Thomas E Royce ^1,^2,^*, Joel S Rozowsky ^1,^*, Paul Bertone ³, Manoj Samanta ⁴, Viktor Stolc ^3,⁵, Sherman Weissman ⁶, Michael Snyder ³, Mark Gerstein ^1,⁷

PMCID: PMC1855044 NIHMSID: NIHMS13183 PMID: 15979196

Abstract

Traditional microarrays use probes complementary to known genes to quantitate the differential gene expression between two or more conditions. Genomic tiling microarray experiments differ in that probes that span a genomic region at regular intervals are used to detect the presence or absence of transcription. This difference means the same sets of biases and the methods for addressing them are unlikely to be relevant to both types of experiment. We introduce the informatics challenges arising in the analysis of tiling microarray experiments as open problems to the scientific community and present initial approaches for the analysis of this nascent technology.

Introduction

Genomic tiling microarray construction involves the generation of nucleic acid probes that represent a target genomic region and their immobilization on a glass slide (Figure 1a). These probes can either overlap, lay end-to-end, or be spaced at a predefined average distance in genomic space (Figure 1b). A sequence of probes spanning a genomic region is called a ‘tile path’, or a ‘tiling’, and the average distance, in nucleotides, between the centers of neighboring probes is termed the ‘step’ or ‘resolution’ of the tiling. Each probe on a tiling array interrogates the presence of a sequence in a nucleic acid population via hybridization. There are two types of tiling array construction. One type is the oligonucleotide tiling array [1–10]. Such arrays comprise 25–60 bp probes (the choice depending on the manufacturer and/or genome tiling), which are synthesized directly on the slides or prepared in solution and then deposited. Arrays of high density (up to 6.6 million features in <2 cm²) can currently be prepared. The second type of tiling array is constructed using PCR products typically of ~1-kb in length, or bacterial artificial chromosome (BAC) arrays – typically at 1-Mb resolution [11–13].
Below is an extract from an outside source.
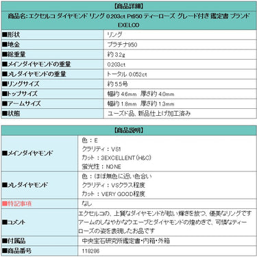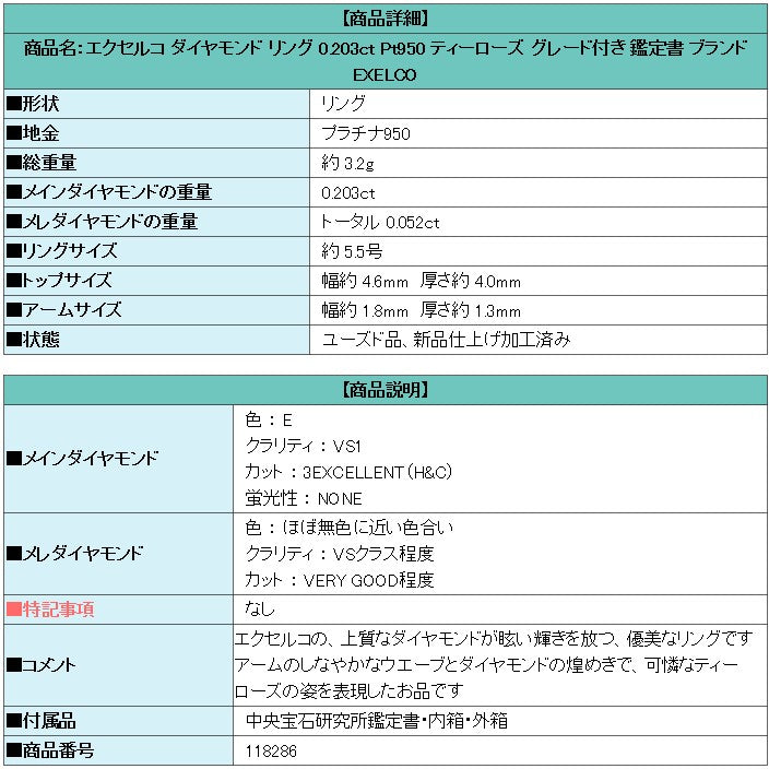 Product name: Excelco Diamond Ring 0.203ct Pt950 Tea Rose Graded Certificate Brand EXELCO

Properties of tiling microarrays. **(a)** The design of a tiling microarray experiment. Each individual probe in the tiling is indicated by a different color and thick overbar. The probes making up the design constitute a ‘tile path’. Nucleotides not incorporated into probes are grayed. Most array designs randomize the position of the adjacent tiles on the array in an attempt to avoid systematic errors. **(b)** Tiling designs (tile paths) can be overlapping, end-to-end or spaced.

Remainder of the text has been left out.